Ericsson Issues Surprise Profit Warning
by Stewart Douglas
Swedish technology giant Ericsson has today announced a suprise profit warning in the wake of its third quarter forecast results, which are predicted to be much lower than previous period figures as a result of weak sales and cash flow problems throughout the year.
The announcement today saw share values in the technology group fall by over a quarter, to their lowest point in almost four years as the company defied all previous expectations in announcing the shock warning of dangerously low profits over the third quarter.

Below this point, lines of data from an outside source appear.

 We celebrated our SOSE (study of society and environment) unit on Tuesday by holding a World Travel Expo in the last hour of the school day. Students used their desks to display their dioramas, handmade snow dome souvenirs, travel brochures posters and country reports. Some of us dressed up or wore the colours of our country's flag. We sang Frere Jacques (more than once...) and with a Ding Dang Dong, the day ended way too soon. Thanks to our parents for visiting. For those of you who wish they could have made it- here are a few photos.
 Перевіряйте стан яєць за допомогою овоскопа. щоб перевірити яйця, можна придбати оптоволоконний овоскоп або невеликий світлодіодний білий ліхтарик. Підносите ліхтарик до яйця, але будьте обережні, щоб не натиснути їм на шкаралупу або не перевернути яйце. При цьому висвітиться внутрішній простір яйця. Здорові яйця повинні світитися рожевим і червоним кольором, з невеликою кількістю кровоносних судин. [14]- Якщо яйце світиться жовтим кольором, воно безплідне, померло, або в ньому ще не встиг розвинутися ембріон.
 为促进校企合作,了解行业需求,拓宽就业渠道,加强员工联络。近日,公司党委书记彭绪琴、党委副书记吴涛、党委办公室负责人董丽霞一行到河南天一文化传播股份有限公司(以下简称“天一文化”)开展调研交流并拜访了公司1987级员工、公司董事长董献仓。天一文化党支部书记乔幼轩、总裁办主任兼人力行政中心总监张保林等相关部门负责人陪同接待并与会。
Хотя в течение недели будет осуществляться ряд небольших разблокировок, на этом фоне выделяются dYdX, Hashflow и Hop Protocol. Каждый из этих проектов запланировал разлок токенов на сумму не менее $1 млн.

Spokesmen from the company have suggested that slowing sales in its substantial mobile handset division and slower progress in its network expansion were responsible for the pending surprise results, creating a less profitable ‘business mix’ over the last three months.

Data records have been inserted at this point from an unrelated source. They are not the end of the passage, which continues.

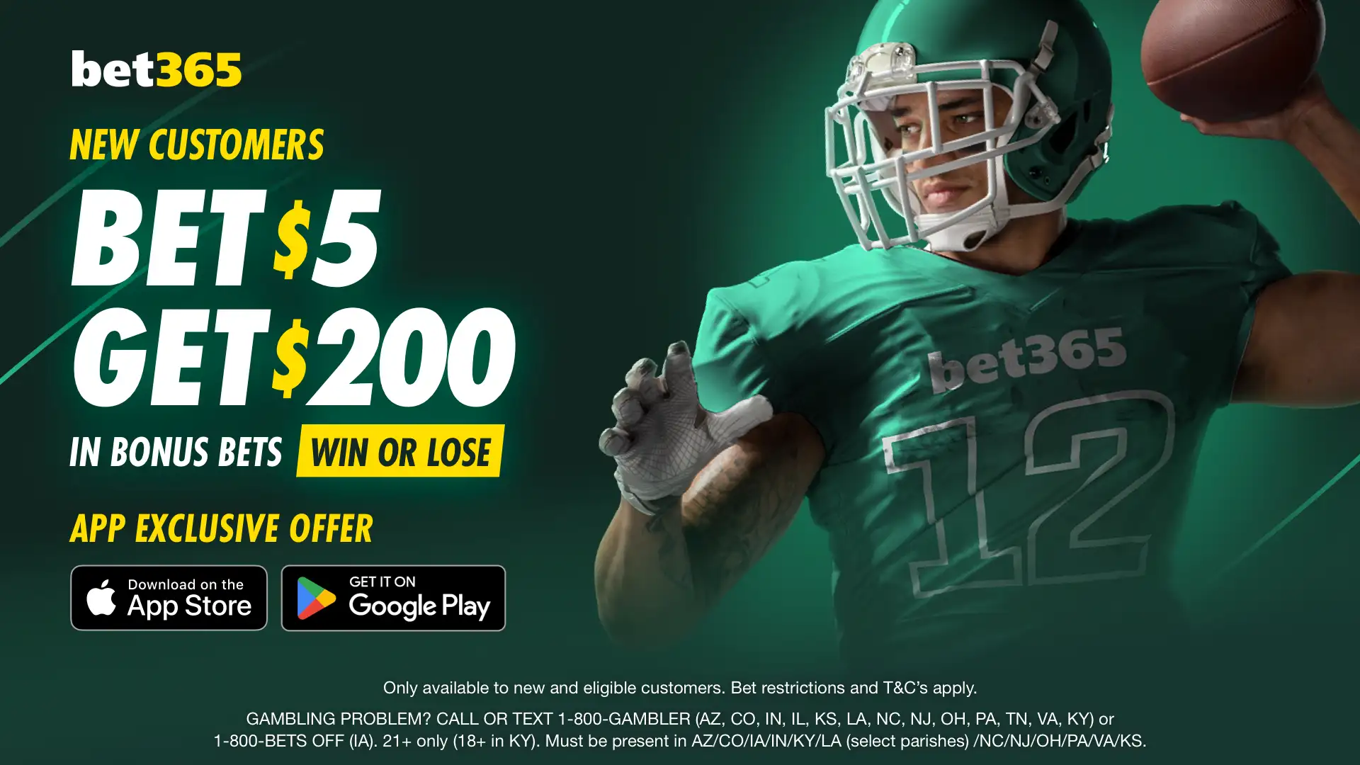 New customers only. Must be present in AZ/CO/IA/IL/IN/KS/KY/LA (select parishes)/MD/NC/NJ/OH/PA/TN/VA. Must claim offer within 30 days following registration. Deposit $10+ and place $5+ qualifying bet (odds of -500 or greater). Bonus bets are non-withdrawable and the Bonus Bets wager excluded from returns. Bonus Bets expire after 7 days. T&CS, time limits and exclusions apply – see at bet365.com.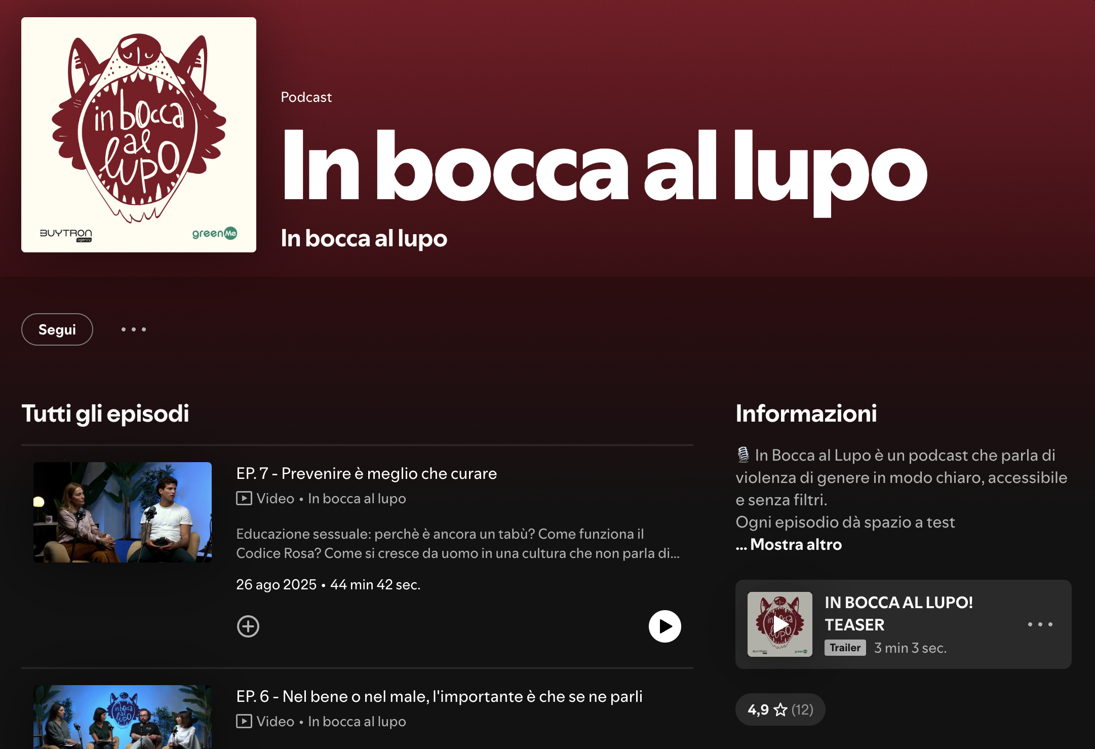 “In Bocca al Lupo” è un podcast che affronta il tema della violenza di genere con un linguaggio diretto, accessibile e autentico. Un progetto editoriale che unisce testimonianze, contributi di esperti e riflessioni collettive per generare consapevolezza e stimolare un cambiamento culturale reale. Non solo storytelling, ma un dispositivo di impatto: uno spazio di ascolto, informazione e attivazione, capace di rompere il silenzio e mettere in discussione narrazioni consolidate.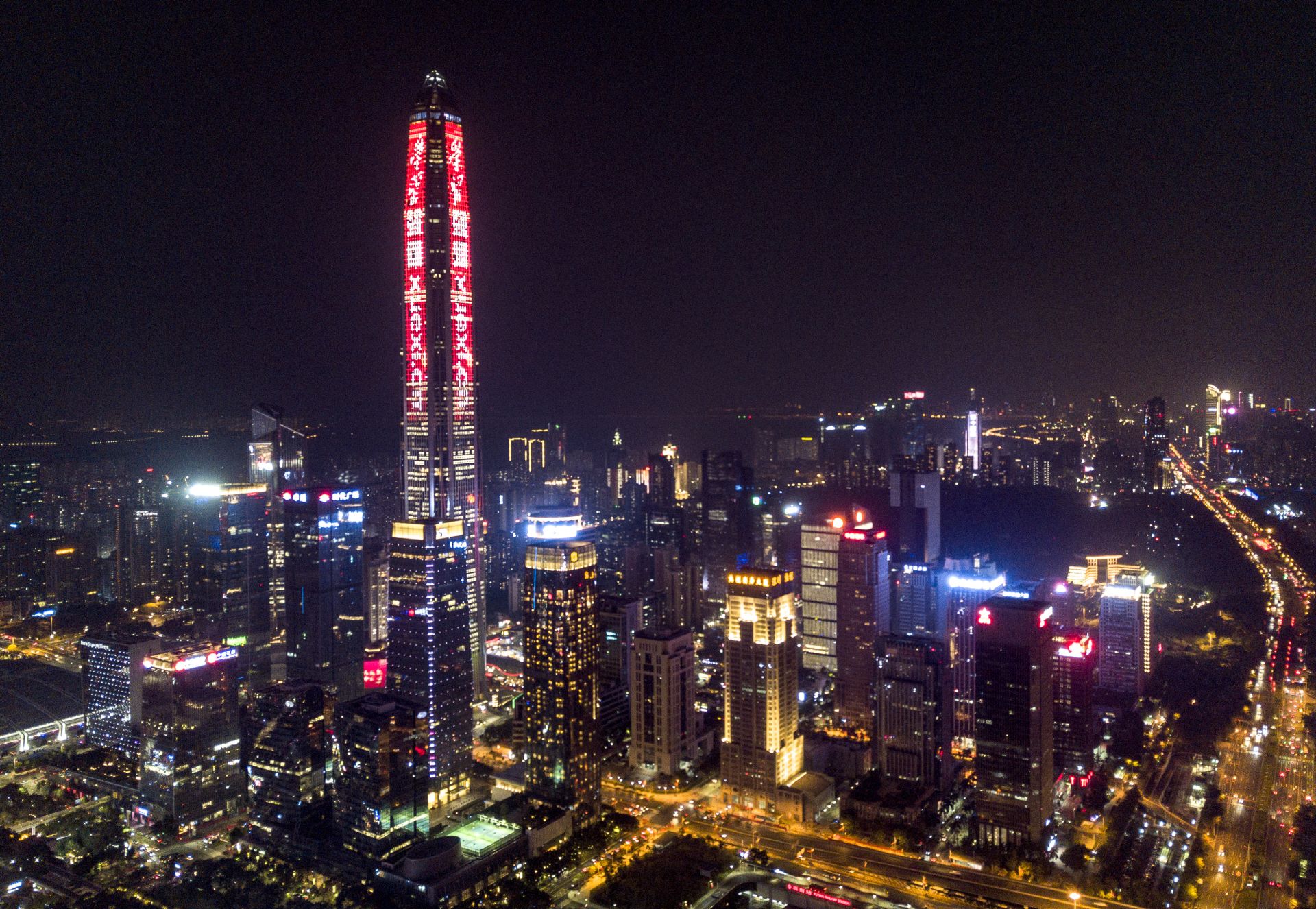記者20日晚在現(xiàn)場看到,19時起,京基100大廈和平安金融中心的樓身開始滾動播放學(xué)習(xí)強(qiáng)國logo以及“夢想從學(xué)習(xí)開始事業(yè)從實踐起步”宣傳語,吸引了大批市民的關(guān)注,不少人還掏出手機(jī)記錄下這一瞬間。據(jù)了解,此次宣傳活動將持續(xù)到27日,在京基100,“學(xué)習(xí)強(qiáng)國”的宣傳與慶祝中華人民共和國成立70周年的宣傳動畫每晚將穿插播放,從19時持續(xù)到22時。而在平安金融中心,“學(xué)習(xí)強(qiáng)國”的宣傳則在19:00—19:15循環(huán)播放,隨后切換至中心區(qū)燈光秀。
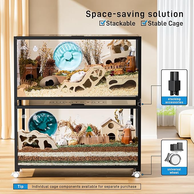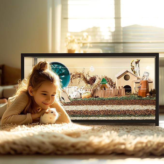 - 【Metal Structure & Chew Proof】We designed a metal frame combined with high-quality acrylic boards that achieve the structure stability of the cage, effectively preventing hamsters chew proof and escape-proof. 4 view windows that allow you to see your pets frolicking around in an environment designed to simulate natural conditionals from 360 angles. Water and rust-resistant that’s fairly easy to clean.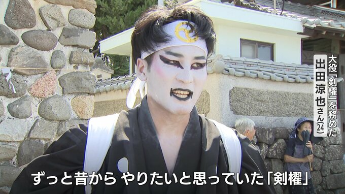 最終日の18日。大分からの一行を送り出す日です。神職らが乗った船とともに、櫂伝馬は海へと、こぎ出しました。出船神事です。入船神事と同じく、涼也さんの姿があります。力強く披露する最後の舞。子どもの頃から憧れ続けた伝統の大役を全うしました。神事を終えた涼也さんにねぎらいの言葉がかけられます。
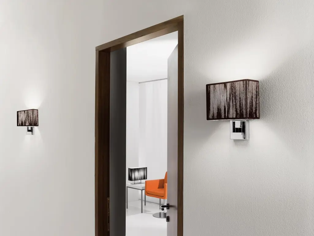 Axolight Clavius Small Wall Lamp with Arm in White Lampshade and Gold Finish by Manuel & Vanessa Vivian Admire the texture of a precious hand-made silken thread lampshade. Clavius expresses its refined elegance by radiating softness and atmosphere between light and shadow.Culture and craftsmanship. Manuel Vivian, a long-experienced designer, is an unwitting guardian of the best in Italian artistic and manufacturing tradition. He is an expert in artisan production processes, in his creations he sets no limits to experimentation.Additional information:Material: Metal frame and hand-made silken thread lampshadeFinish: WhiteColor: GoldE12Downlight and uplightInstalls over 4 in. octagonal J-boxPower supply 120V ACSwitch mode: on-off1 x Max 7W LED or1 x Max 13W fluoDRY LOCATIONDimensions: 20 W x 10 D x 15 H cmAvailable in other color option: TobaccoAvailable in other finsh option: Chrome

Interim reports suggest that the figures could show a 36% drop as far as profits are concerned from just over a year ago, well below what analysts had previously forecast as a result of sluggish business progress over the last few months.
The news is likely to raise questions about the management of Ericsson at present, and there is a likelihood that certain high profile executives may end up in trouble over the significant downturn seen over the last three months.
The company is expected to release its figures to the market imminently, although according to the reports today that news will spell yet more sell off in its securities as a reflection of the wider slowdown across the organisation.
Shares in other mobile phone handset manufacturers were also down today as a result of the news, for fear that this could potentially indicate underlying problems within the market as a whole. Among some of the notable losers were Finish manufacturer Nokia, and international network operator Vodafone.